▸ **Problem to work on**
Among the lines of the records, find all that carry the word "different" and copy them.

▸ **Saved entries**
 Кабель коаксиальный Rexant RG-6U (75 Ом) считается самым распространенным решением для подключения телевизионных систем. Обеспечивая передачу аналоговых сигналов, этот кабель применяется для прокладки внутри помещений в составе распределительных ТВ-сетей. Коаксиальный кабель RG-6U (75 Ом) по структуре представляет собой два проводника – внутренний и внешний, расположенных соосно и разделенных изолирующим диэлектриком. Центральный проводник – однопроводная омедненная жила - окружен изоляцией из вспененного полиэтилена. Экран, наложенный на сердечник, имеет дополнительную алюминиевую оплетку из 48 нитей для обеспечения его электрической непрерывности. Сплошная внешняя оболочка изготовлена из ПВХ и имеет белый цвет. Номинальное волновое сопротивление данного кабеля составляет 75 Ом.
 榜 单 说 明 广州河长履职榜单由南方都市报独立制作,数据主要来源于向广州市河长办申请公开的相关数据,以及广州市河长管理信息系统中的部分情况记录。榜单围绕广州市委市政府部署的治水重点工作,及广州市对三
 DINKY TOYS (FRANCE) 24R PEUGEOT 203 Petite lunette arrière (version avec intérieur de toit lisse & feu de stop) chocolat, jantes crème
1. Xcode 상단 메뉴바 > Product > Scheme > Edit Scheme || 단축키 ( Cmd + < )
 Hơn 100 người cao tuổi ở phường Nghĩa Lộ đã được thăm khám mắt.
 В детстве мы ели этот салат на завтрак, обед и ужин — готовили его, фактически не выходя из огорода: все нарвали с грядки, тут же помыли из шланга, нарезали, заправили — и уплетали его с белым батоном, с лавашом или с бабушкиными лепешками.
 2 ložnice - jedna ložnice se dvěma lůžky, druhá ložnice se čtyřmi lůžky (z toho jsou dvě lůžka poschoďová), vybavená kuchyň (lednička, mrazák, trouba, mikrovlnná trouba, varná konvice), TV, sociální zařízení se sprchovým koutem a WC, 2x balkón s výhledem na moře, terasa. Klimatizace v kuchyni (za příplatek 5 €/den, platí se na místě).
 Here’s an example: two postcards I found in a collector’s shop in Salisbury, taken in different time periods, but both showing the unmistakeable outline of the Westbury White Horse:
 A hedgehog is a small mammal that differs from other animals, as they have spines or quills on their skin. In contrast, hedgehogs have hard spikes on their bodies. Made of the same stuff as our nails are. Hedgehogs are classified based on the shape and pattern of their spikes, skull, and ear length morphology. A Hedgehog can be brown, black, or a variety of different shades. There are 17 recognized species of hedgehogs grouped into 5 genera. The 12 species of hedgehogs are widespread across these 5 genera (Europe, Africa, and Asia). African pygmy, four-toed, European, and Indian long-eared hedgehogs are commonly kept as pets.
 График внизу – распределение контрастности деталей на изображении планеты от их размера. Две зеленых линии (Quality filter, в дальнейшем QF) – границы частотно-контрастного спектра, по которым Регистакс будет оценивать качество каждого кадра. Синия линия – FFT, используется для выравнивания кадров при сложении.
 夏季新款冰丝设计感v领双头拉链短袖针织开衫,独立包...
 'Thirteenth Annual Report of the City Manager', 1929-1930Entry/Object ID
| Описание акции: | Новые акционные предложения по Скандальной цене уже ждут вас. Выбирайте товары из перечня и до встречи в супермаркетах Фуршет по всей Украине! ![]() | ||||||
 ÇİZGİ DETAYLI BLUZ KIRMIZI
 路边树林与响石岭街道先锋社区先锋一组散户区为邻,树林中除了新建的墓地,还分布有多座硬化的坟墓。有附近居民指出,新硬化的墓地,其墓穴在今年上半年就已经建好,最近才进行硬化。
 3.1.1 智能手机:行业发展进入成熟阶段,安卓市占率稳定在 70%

▸ **Reply**
 Here’s an example: two postcards I found in a collector’s shop in Salisbury, taken in different time periods, but both showing the unmistakeable outline of the Westbury White Horse:
 A hedgehog is a small mammal that differs from other animals, as they have spines or quills on their skin. In contrast, hedgehogs have hard spikes on their bodies. Made of the same stuff as our nails are. Hedgehogs are classified based on the shape and pattern of their spikes, skull, and ear length morphology. A Hedgehog can be brown, black, or a variety of different shades. There are 17 recognized species of hedgehogs grouped into 5 genera. The 12 species of hedgehogs are widespread across these 5 genera (Europe, Africa, and Asia). African pygmy, four-toed, European, and Indian long-eared hedgehogs are commonly kept as pets.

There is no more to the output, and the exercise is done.